Парамоша вернулся на другой день, часам к пяти вечера. И не просто вернулся, а навеселе. Отпустил его Лебедев, слово сдержал. Не насовсем, правда, до первой в Парамоше необходимости.
— Повестку не ждите. Сам заеду, если понадобитесь.
В Николо-Бережках по составлении протокола и выдаче Лебедеву подписки о невыезде из Подлиповки Парамоша заглянул в чайную и на отначенную у бабы Липы похоронную пятерку скинулся «после двух на двоих» с каким-то бесстрашным инвалидом, человеком пожилым, молчаливым, у которого постоянно были закрыты глаза веками, словно он спал на ходу или видеть уже ничего не хотел, но, оказывается, при этом все видел, так как вовремя огибал столбы и деревья, передвигаясь по Николо-Бережкам, а главное — разливал с ювелирной точностью.

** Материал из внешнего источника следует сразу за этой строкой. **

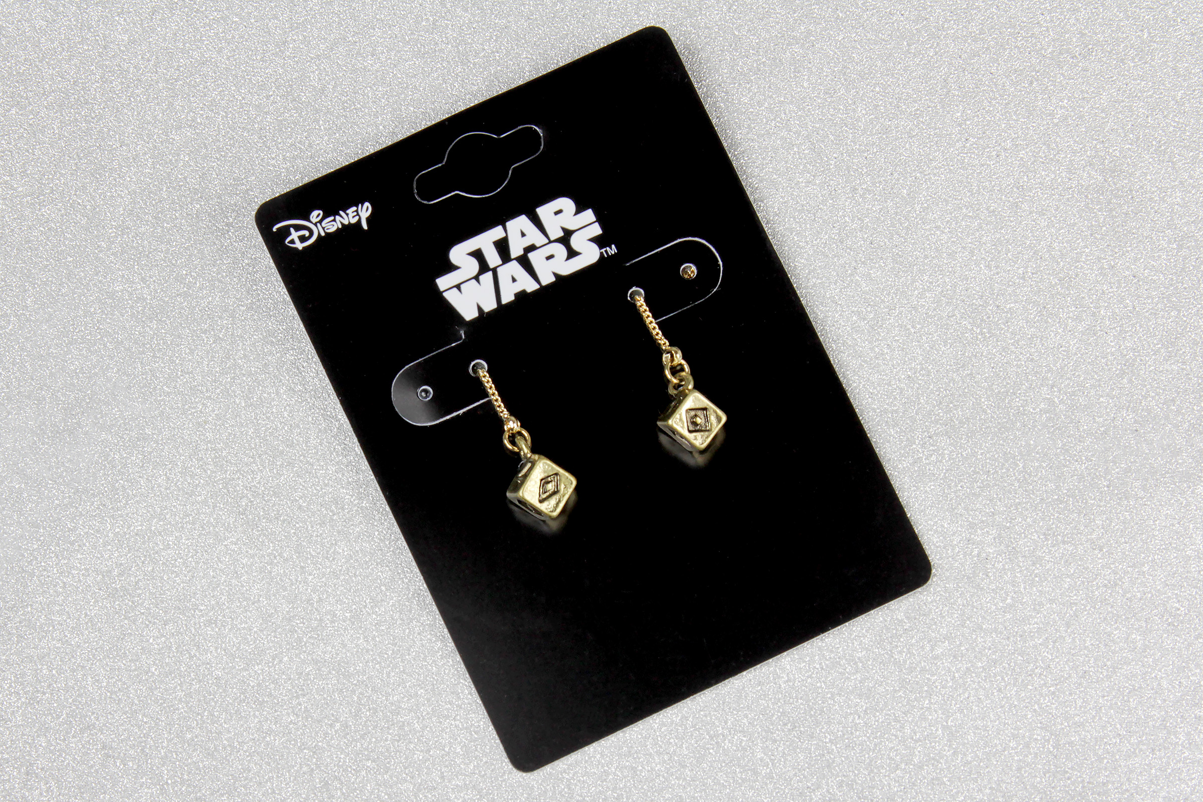 Today’s review features the Body Vibe x Star Wars Solo Dice threaded drop earrings. The gold-tone earrings are ‘thread style’ dangle earrings, with a slender bar for inserting through pierced ears, with a length of dangle chain. The earrings feature small 3D sculpted versions of Han Solo’s lucky dice, as seen in Solo and The Last Jedi.

Пять километров и^ восьми до повертки на Подлиповку преодолел Парамоша в кабине попутного молоковоза. В Подлиповку пришел взъерошенный изнутри, со смятенными чувствами победителя и одновременно — нашкодившего подростка, промокший на дожде, в похмельном ознобе, голодный и все ж таки веселый незнакомым прежде весельем человека, вернувшегося домой.
А дома, пока он отсутствовал, произошли события невеселые: прихворнула баба Липа.
Накануне весь вечер и почти всю ночь прождала она Парамошу, стоя под липой и сидя на крылечке, трепетно прислушиваясь к ночному, непроглядному воздуху, подставляя сырому северозападному ветру, тянувшему от Николо-Бережков, свое более чуткое левое ухо. В надежде услышать если и не стрекот милицейского мотоцикла, то хотя бы слякотные Парамошины шаги оттуда, от дороги, налитой до краев и вытекавшей из леса, как мутный, густой ручей, прекративший движение от холода.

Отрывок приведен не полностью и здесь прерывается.